Thursday 24 April 2014

A kernel runtime

Yesterday I had to get out of the house but in the morning I had a little bit of a play trying to work out how to implement a kernel runtime. That is one that loads small self-contained routines in sequence which may work on parts or a whole problem at a time. One feature I want to support is the ability to have persistent local storage so that multiple waves of code might work on the same buffers before exporting the results off-core - it may not end up being practical but I'm hoping it will be useful.

At first I thought of trying to embed multiple kernels in the same binary but that doesn't really work - things like the library functions are coalesced across all kernels at best and everything needs a unique name which is just a bit of a pain to work with. And it basically just devolved into using overlays which requires a linker script and are just generally a bit involved.

Whilst I was out 'doing stuff' I came up with another solution which I think solves the usability problem and at this stage I think should support everything I want.

  • A runtime executive (the exec) provides some global functions which are shared amongst all cores, possibly all of libezecore (e-lib);
  • Each kernel is compiled into a standalone binary which includes any ezecore functions it needs that aren't in the exec, it has no startup routine;
  • Persistent data structures are placed in special sections such as .data.kernel. The normal mechanism of using weak symbols is to to reference them from other kernels/cores;
  • At runtime, the full set of interacting kernels must be supplied for a given workgroup.

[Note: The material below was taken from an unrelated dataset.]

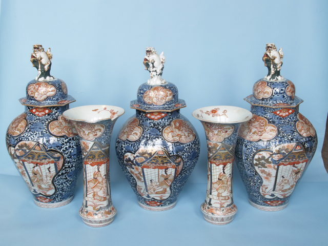 Vijfdelig kaststel, bestaande uit drie achthoekige potten met achthoekigedeksel en twee achthoekige bekervazen. Versierd in onderglazuur blauw, bovenglazuur ijzerrood, zwart en gehoogd in goud. De pot is beschilderd met drie gelobde panelen waarin geisha's zijn afgebeeld in een interieur. De ruimte tussen de panelen is gevuld met een krullen patroon van pioentakken. De schouder is gedecoreerd met drie gelobde panelen met een roofvogel die een haas doodt. Rond de hoge hals drie ruitvormige panelen met perziken. De deksel is versierd met dezelfde panelen met roofvogels als op de pot en bekroond met een boeddhistische leeuw op een boomstam. De bekervazen zijn voorzien van dezelfde decoratie als die op de pot. (Nederlands)

This last point breaks the queuing abstraction somewhat but I don't see any practical alternative because the total persistent data space needs to be known in advance. Well unless an alternative mechanism is used such as supplying a separate data object as a base elf file.

At load-link time there should be enough information to assign unique locations for any shared buffers and then relocate the kernel code to a common location (or multiple) which the exec can DMA in as required.

Hmm, well I guess I see if it will work when I get around to coding something up.